BEGIN PROVIDED INFORMATION

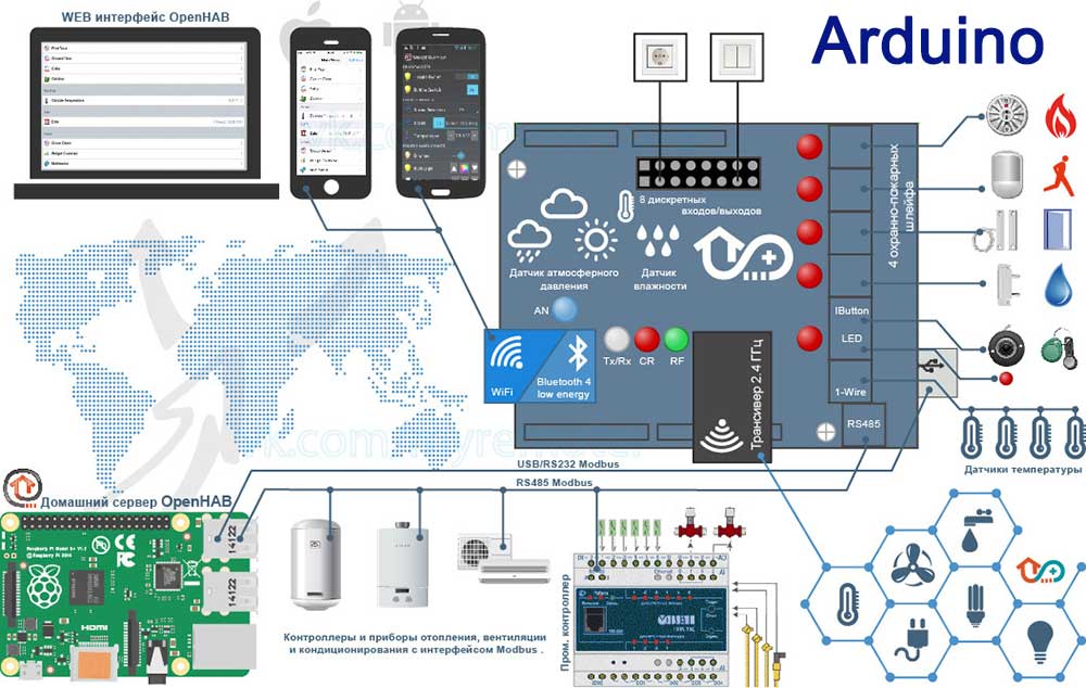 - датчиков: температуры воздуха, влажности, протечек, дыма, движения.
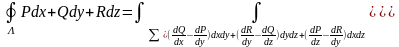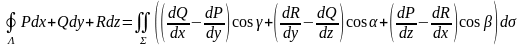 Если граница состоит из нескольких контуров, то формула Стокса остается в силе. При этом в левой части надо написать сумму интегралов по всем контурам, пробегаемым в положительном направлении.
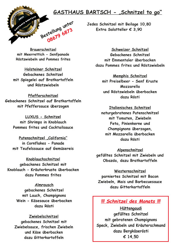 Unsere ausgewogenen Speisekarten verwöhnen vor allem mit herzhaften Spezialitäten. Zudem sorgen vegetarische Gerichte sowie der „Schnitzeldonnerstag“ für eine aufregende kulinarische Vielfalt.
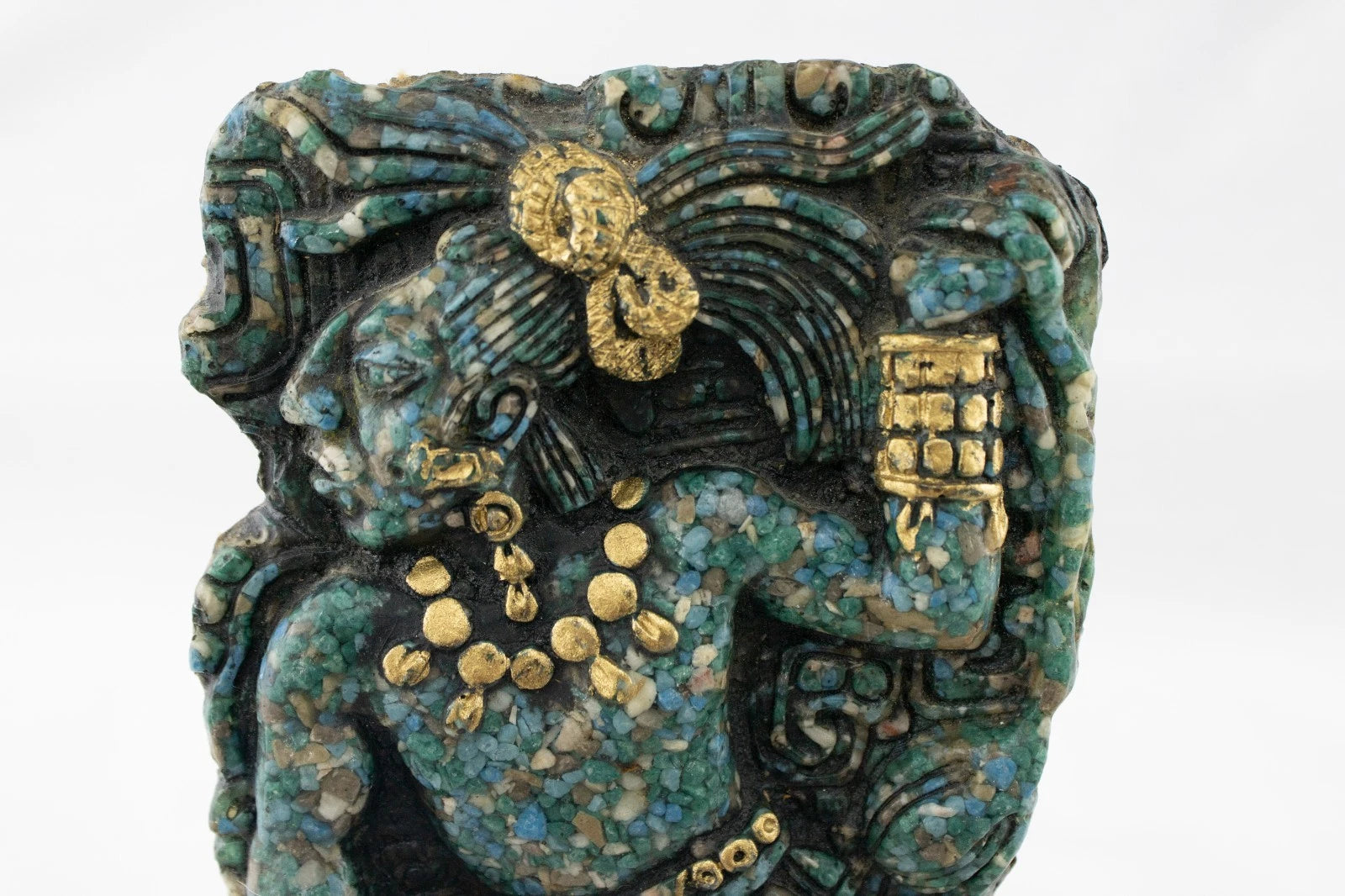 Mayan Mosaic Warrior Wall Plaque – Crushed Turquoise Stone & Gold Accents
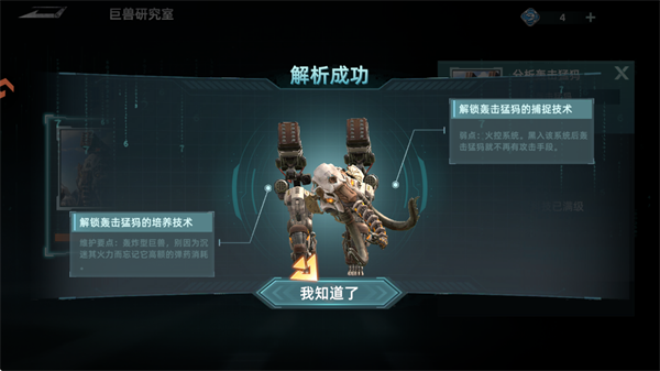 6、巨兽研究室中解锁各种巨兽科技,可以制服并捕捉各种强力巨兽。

END PROVIDED INFORMATION
BEGIN PROVIDED INFORMATION

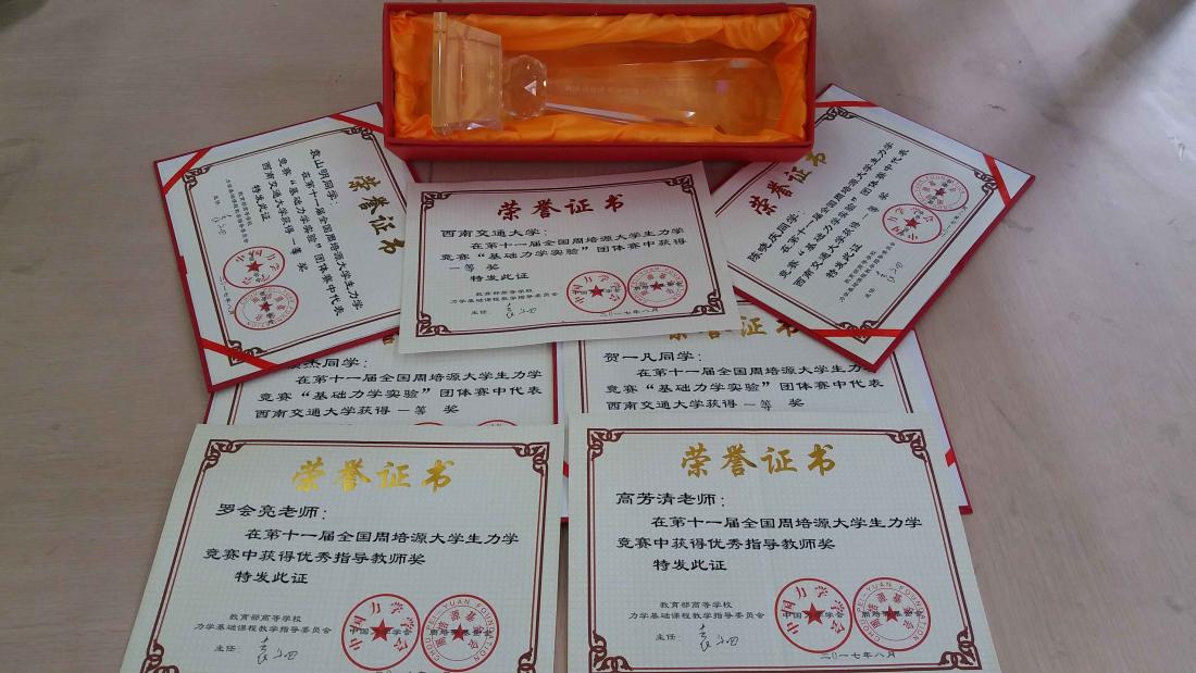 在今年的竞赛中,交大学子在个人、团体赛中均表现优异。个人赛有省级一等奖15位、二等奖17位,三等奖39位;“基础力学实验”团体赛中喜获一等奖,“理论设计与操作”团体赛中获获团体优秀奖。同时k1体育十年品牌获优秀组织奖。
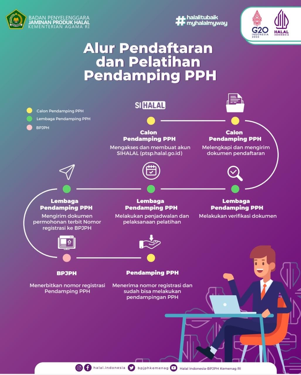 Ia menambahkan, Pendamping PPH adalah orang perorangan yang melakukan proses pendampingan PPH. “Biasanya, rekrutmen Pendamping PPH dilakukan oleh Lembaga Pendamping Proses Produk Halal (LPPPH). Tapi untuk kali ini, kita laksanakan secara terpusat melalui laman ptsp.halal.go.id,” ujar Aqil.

END PROVIDED INFORMATION
BEGIN PROVIDED INFORMATION

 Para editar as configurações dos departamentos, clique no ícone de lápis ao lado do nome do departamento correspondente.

END PROVIDED INFORMATION

#### WORK ORDER:
Using the records above, return word for word the lines that begin at the one containing "Если граница состоит" and end at the one containing "6、巨兽研究室中解锁各种巨兽科技,可以制服并捕捉各种强力巨兽。", both of them included and no pictures.

#### REPLY:
 Если граница состоит из нескольких контуров, то формула Стокса остается в силе. При этом в левой части надо написать сумму интегралов по всем контурам, пробегаемым в положительном направлении.
 Unsere ausgewogenen Speisekarten verwöhnen vor allem mit herzhaften Spezialitäten. Zudem sorgen vegetarische Gerichte sowie der „Schnitzeldonnerstag“ für eine aufregende kulinarische Vielfalt.
 Mayan Mosaic Warrior Wall Plaque – Crushed Turquoise Stone & Gold Accents
 6、巨兽研究室中解锁各种巨兽科技,可以制服并捕捉各种强力巨兽。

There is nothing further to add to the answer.